• [DATA PROVIDED]
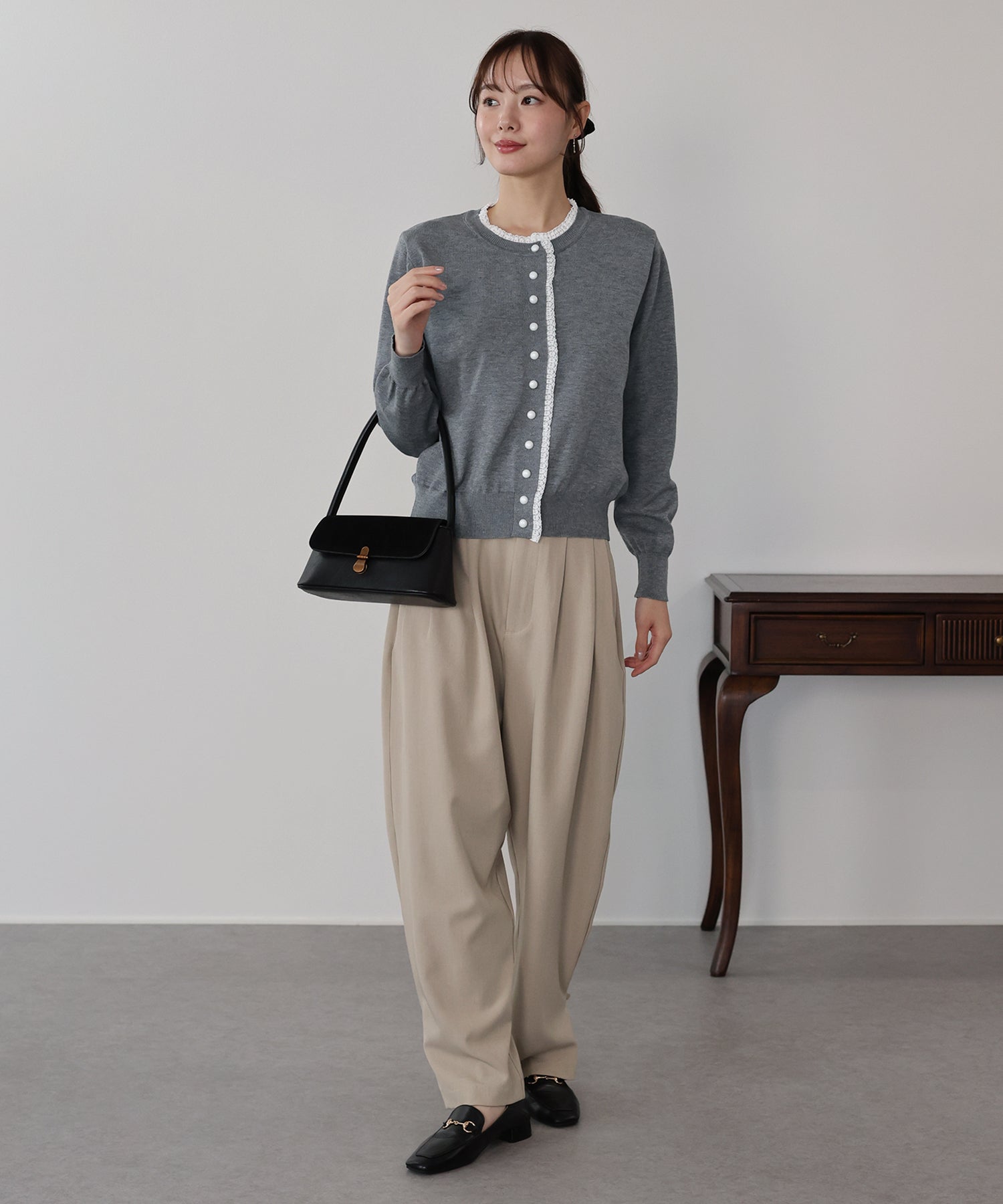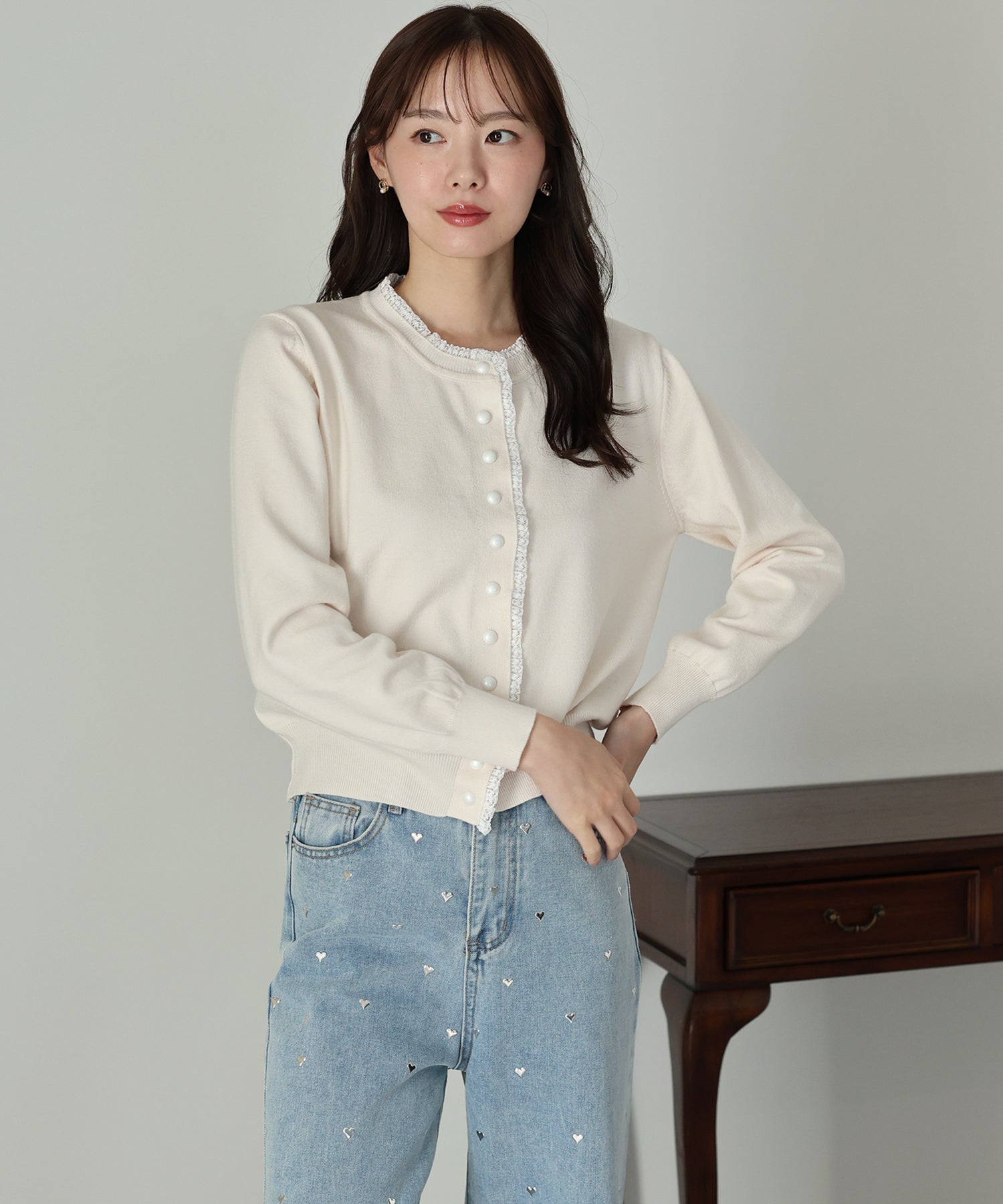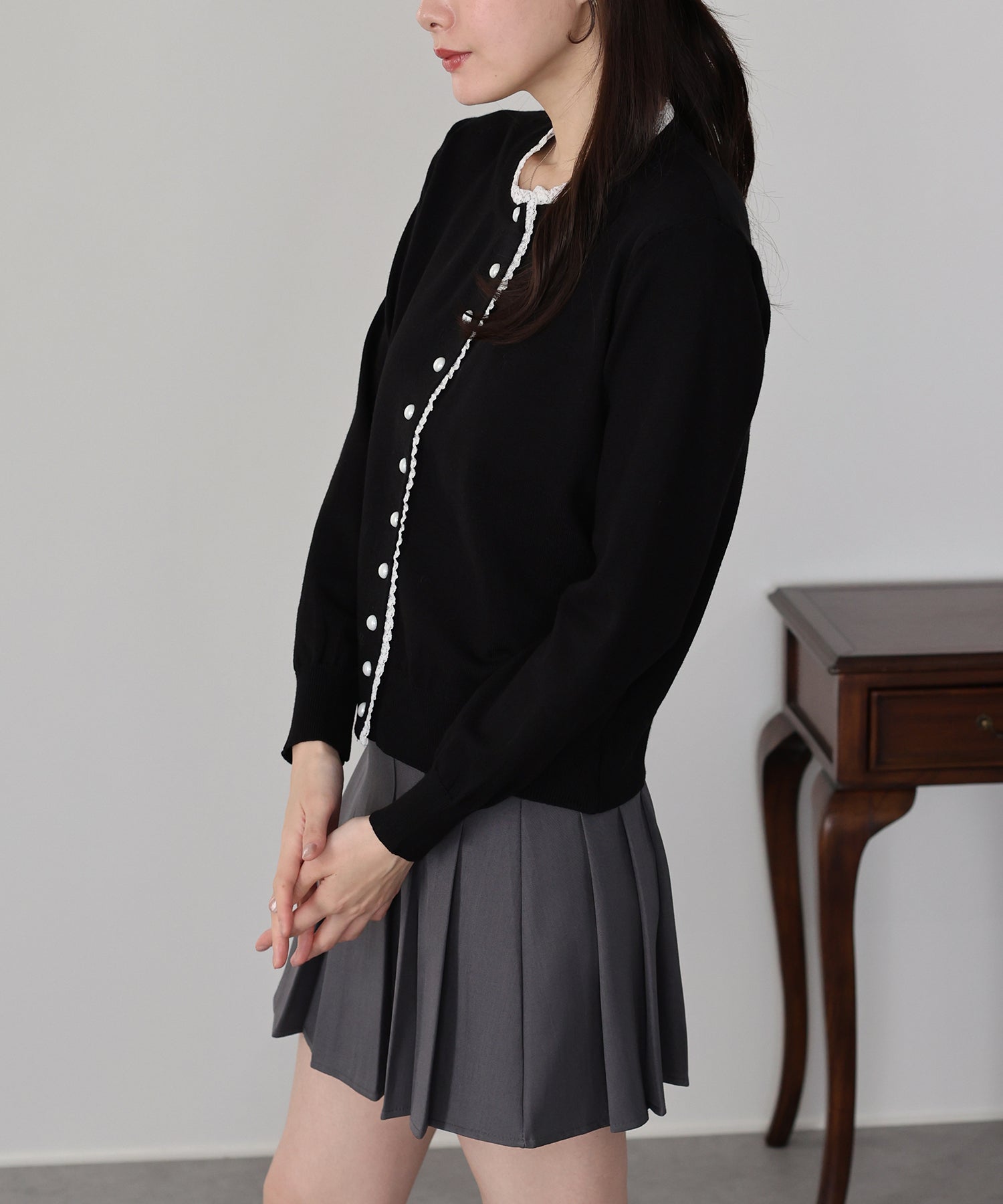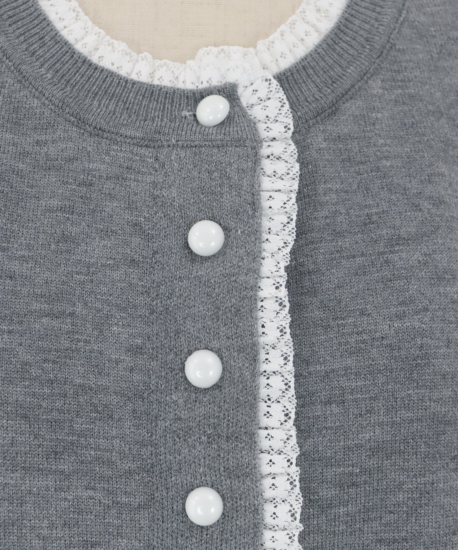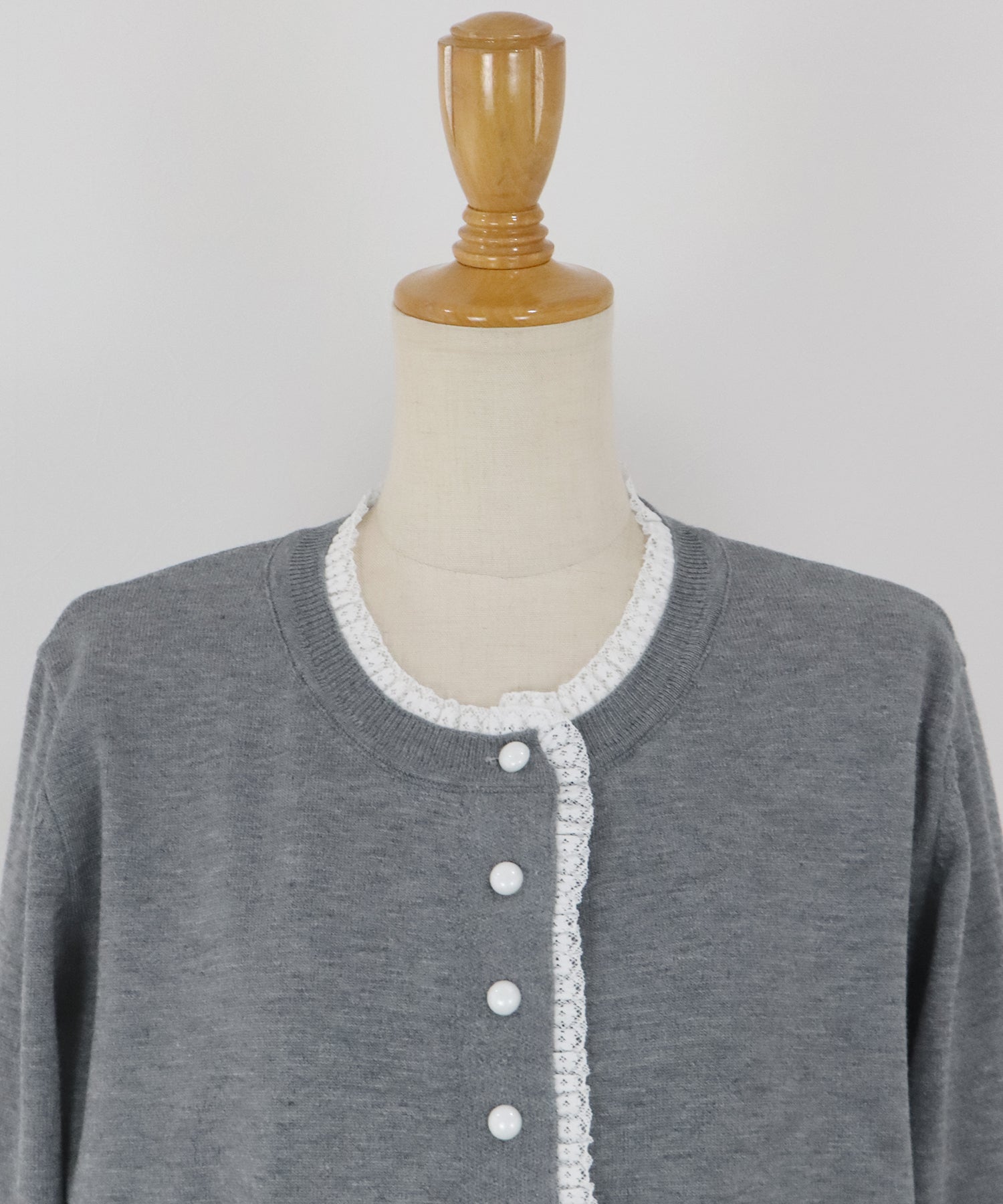 TIME SALE【早割5%OFF】レーストリムパールボタンカーディガン
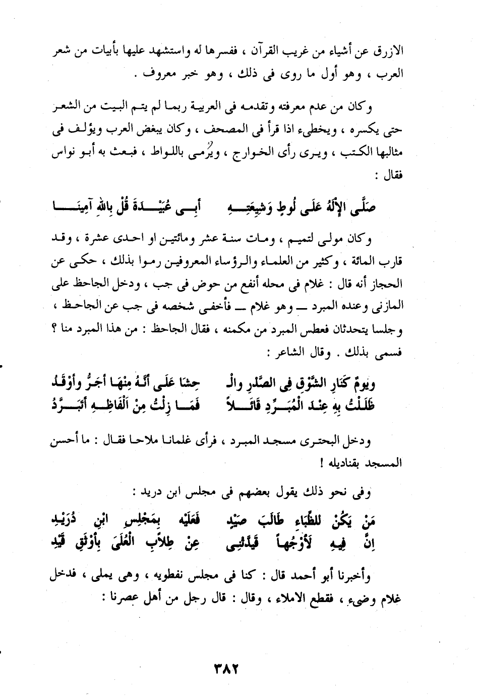 ودخل البحترى مسجد المبرد، فرأى غلمانا ملاحا فقال: ما أحسن المسجد بقناديله! وفى نحو ذلك يقول بعضهم فى مجلس ابن دريد:
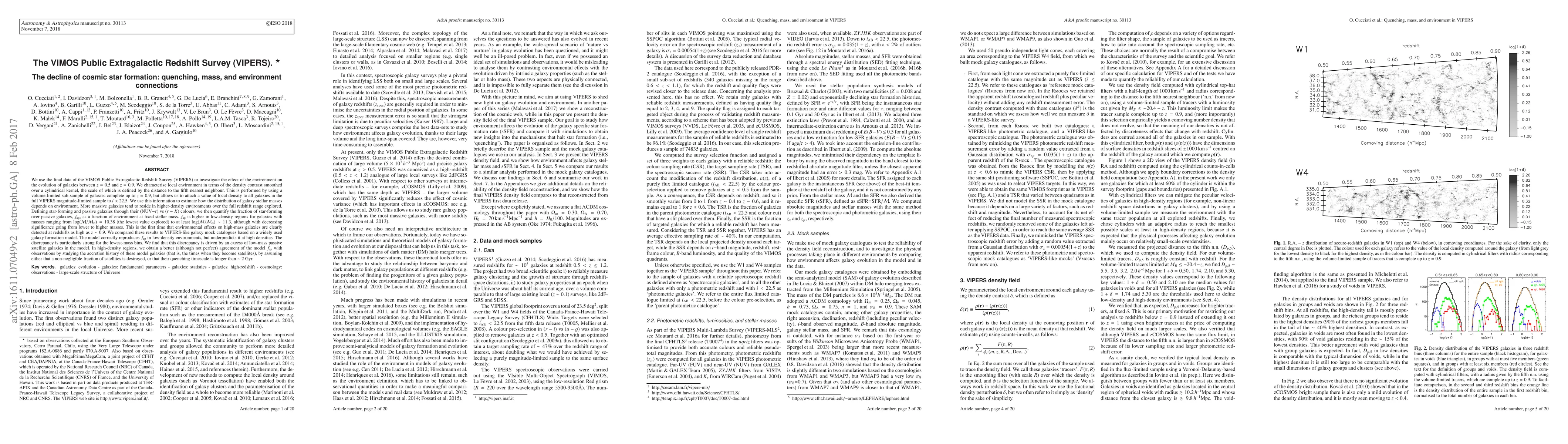 The VIMOS Public Extragalactic Redshift Survey (VIPERS) reveals that more massive galaxies predominantly reside in denser environments, and star-forming galaxies are more prevalent in low-density regions, especially for galaxies with masses up to $\log(\mathcal{M}/\mathcal{M}_\odot)\sim11.3$. The galaxy formation model of De Lucia & Blaizot underpredicts this effect in high-density environments, suggesting a need for adjustments in the quenching mechanisms of satellite galaxies.
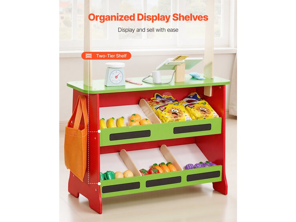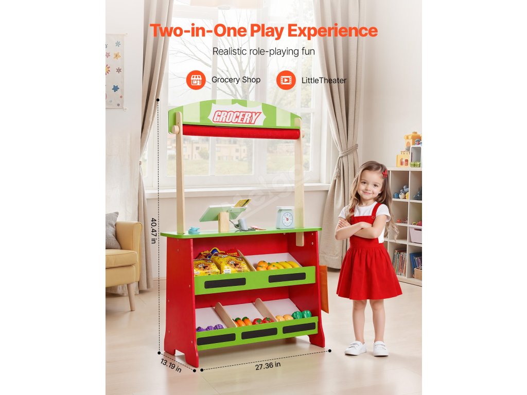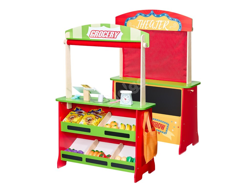 Tato dřevěná dětská herní sestava umožní vašemu dítěti užít si mini trh i malé divadlo! Díky zábavným multifunkčním interakcím, realistickým doplňkům a robustní dřevěné konstrukci si děti při hře užijí nekonečnou zábavu!
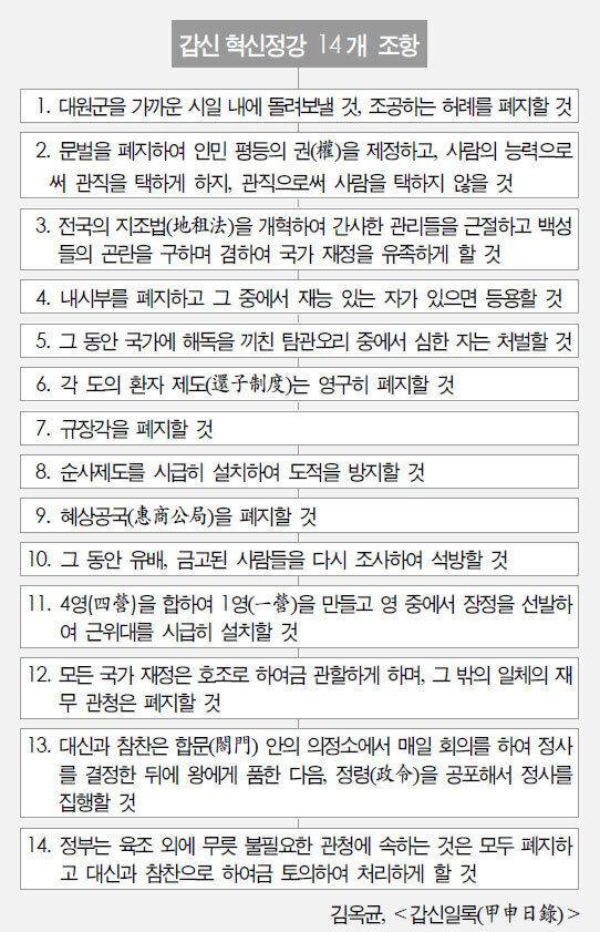 6일 오전 9시께에는 고종의 전교형식을 빌려 이를 공포했다. 이날 오후 3시에는 고종도 추인해 대개혁정치를 천명하는 조서를 내려 국정 전반의 대개혁이 이루어질 듯했다. 그러나 정변의 성공은 여기까지였다. 청군이 무력 개입을 시작한 것이었다.
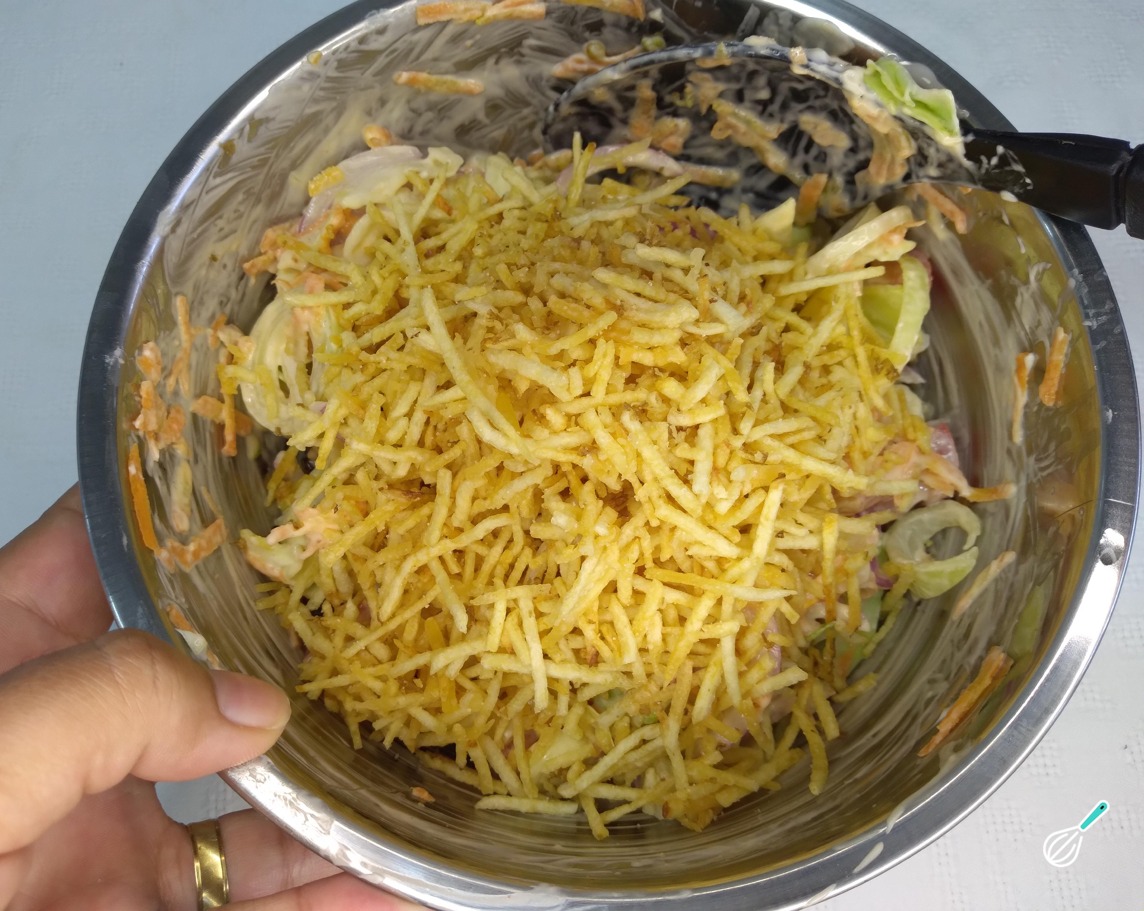 Por último acrescente a batata palha. Misture bem e leve para gelar por no mínimo 4 horas.

• [EXERCISE AIM] Only the lines from the one containing "Tato dřevěná dětská" through the last line of the material should be returned, exactly and without pictures.

• [TASK SOLUTION]
 Tato dřevěná dětská herní sestava umožní vašemu dítěti užít si mini trh i malé divadlo! Díky zábavným multifunkčním interakcím, realistickým doplňkům a robustní dřevěné konstrukci si děti při hře užijí nekonečnou zábavu!
 6일 오전 9시께에는 고종의 전교형식을 빌려 이를 공포했다. 이날 오후 3시에는 고종도 추인해 대개혁정치를 천명하는 조서를 내려 국정 전반의 대개혁이 이루어질 듯했다. 그러나 정변의 성공은 여기까지였다. 청군이 무력 개입을 시작한 것이었다.
 Por último acrescente a batata palha. Misture bem e leve para gelar por no mínimo 4 horas.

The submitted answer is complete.